▶ [DATASET SECTION]
────────────────────────────────────────

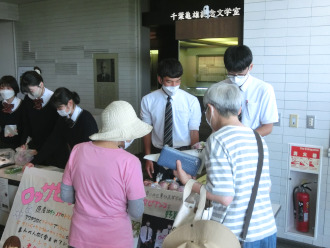 9月10日(土)から25日(日)まで小牛田図書館にて,図書館まつりが開催されています。農業科学コースからは野菜班が参加し,14日(水)に「図書館マルシェ」として,本校で栽培したロッサビアンコという西洋ナスを中心に野菜の販売を実施しました。
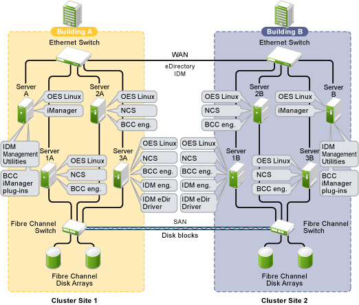 Business Continuity Clustering supports up to four peer clusters that are running OES 23.4 and Novell Cluster Services.
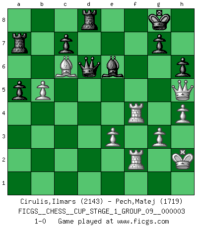 Last move : 1-0 2020 January 30 21:28:46 [Event "FICGS__CHESS__CUP_STAGE_1_GROUP_09__000003"] [Site "FICGS"] [Date "2019.11.02"] [Round "1"] [White "Cirulis,Ilmars"] [Black "Pech,Matej"] [Result "1-0"] [WhiteElo "2143"] [BlackElo "1719"] 1.c4 e5 2.Nc3 Nf6 3.g3 d5 4.cxd5 Nxd5 5.Bg2 Nb6 6.Nf3 Nc6 7.O-O Be7 8.a3 O-O 9.d3 Be6 10.b4 a5 11.b5 Nd4 12.Bb2 Nb3 13.Rb1 f6 14.Nd2 Nc5 15.a4 Qd7 16.Qc2 Bf7 17.h4 f5 18.Ba3 Ncxa4 19.Bxe7 Nxc3 20.Qxc3 Qxe7 21.Bxb7 Ra7 22.Bc6 Be8 23.Nc4 Nxc4 24.Qxc4+ Bf7 25.Qa4 Rd8 26.e3 Qd6 27.Rfd1 Bh5 28.Rd2 f4 29.Kh2 fxg3+ 30.fxg3 Bf7 31.d4 h6 32.Rf2 Be6 33.dxe5 Qxe5 34.Rbf1 Qd6 35.Rf4 Qd3 36.R1f2 Bb3 37.Qa1 Be6 38.Qe5 Qd6 39.Qh5 1-0 English : Bremen, reverse Dragon Kingside Castling by player White (move 7) Kingside Castling by player Black (move 8) Player White won this chess game. Follow this game move after move (download)Checkers is for tramps. (Paul Morphy) Um sich vor der Gefahr einer Erkältung zu schützen, sorge der wanderlustige König beizeiten für ein brauchbares Versteck. (Aaron Nimzowitsch) Peones: ellos son el alma de esta partida, solos forman el ataque y la defensa. (Philidor) Psychologiquement, tu dois avoir confiance en toi même, mais cette confiance doit être basée sur des faits. (Robert Fischer) Thus, what is of supreme importance in war is to attack the enemy's strategy. (Sun Tzu)

────────────────────────────────────────

Beginning at the first line of the listing, print each line exactly until and including the one that has "Business Continuity Clustering"; skip pictures.

▶ [TASK OUTPUT]
 9月10日(土)から25日(日)まで小牛田図書館にて,図書館まつりが開催されています。農業科学コースからは野菜班が参加し,14日(水)に「図書館マルシェ」として,本校で栽培したロッサビアンコという西洋ナスを中心に野菜の販売を実施しました。
 Business Continuity Clustering supports up to four peer clusters that are running OES 23.4 and Novell Cluster Services.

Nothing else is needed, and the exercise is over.